I have watched the source code of mapReduce for about two nights. I am tired overall. On the one hand, I am not very proficient in my own go language, especially in the use of channel, which leads me to frequently stop to query relevant documents and understand the author's writing method. On the other hand, I really burn my brain (admire the author's thinking ability) by communicating between multiple goroutine s through channel.

Secondly, when looking at the source code, it will certainly look silly for the first time. In fact, it doesn't matter to find the entry of the program (common basic components are generally oriented methods). First read along the main line, understand each sentence of code, add comments, and then look at the branch code.

If there is something you really don't understand, check the submission record of this code. It is very likely to solve a bug change.
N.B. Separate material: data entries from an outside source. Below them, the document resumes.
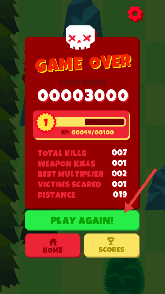 4、游戏失败点“PLAYAGAIN”,总结经验,下次多杀露营者。
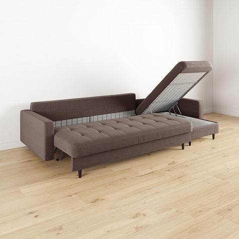 - Легкая уборка под диваном. Высокие опоры позволяют сохранять чистоту, в том числе и с помощью робота-пылесоса.
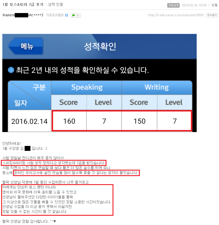 토스 | (대구토스 7급후기) 감동후기)단순히 토스 그 이상의 수업이었습니다. 페이지 정보 작성자 MELPARK 작성일16-02-23 09:22 조회4,146회 댓글0건 이전글 다음글 목록 본문 (클릭 하시면 크게 보실 수 있습니다.) 수강생 후기 입니다. 더 많은 후기는 우측 카페 링크 가입 후 보실 수 있습니다. 이전글 다음글 목록
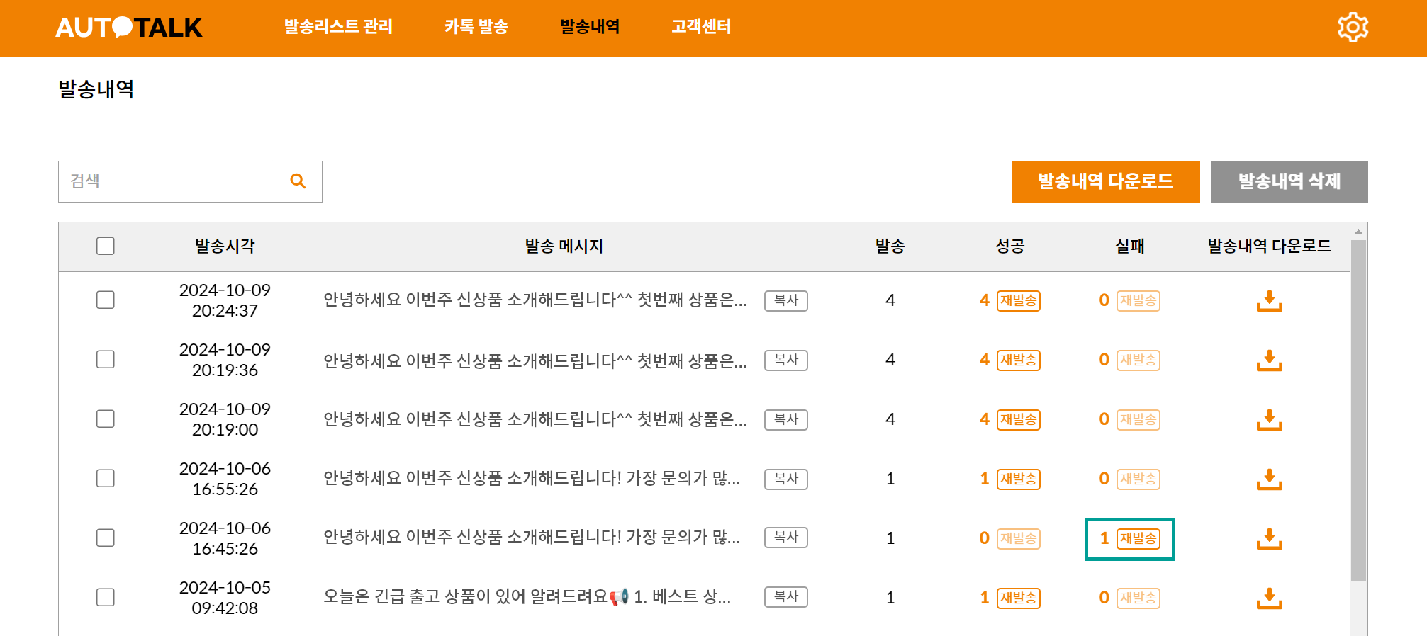 발송내역 메뉴에서 발송에 실패한 메세지를 [재발송] 버튼을 눌러 다시 발송해보세요.

For example, I haven't understood this code many times.

// The aggregate data channel needs to manually call the write method to write to the output
output := make(chan interface{})
// output will only be read once in the end
defer func() {
    // If there are multiple writes, it will cause blocking and lead to co process leakage
    // Here, use for range to detect whether the data can be read out. Reading out the data indicates that it has been written for many times
    // Why use panic here? It is better to remind the user that the usage is wrong than to fix it automatically
    for range output {
        panic("more than one element written in reducer")
    }
}()

Finally, draw a flow chart and basically understand the source code. For me, this method is stupid but effective.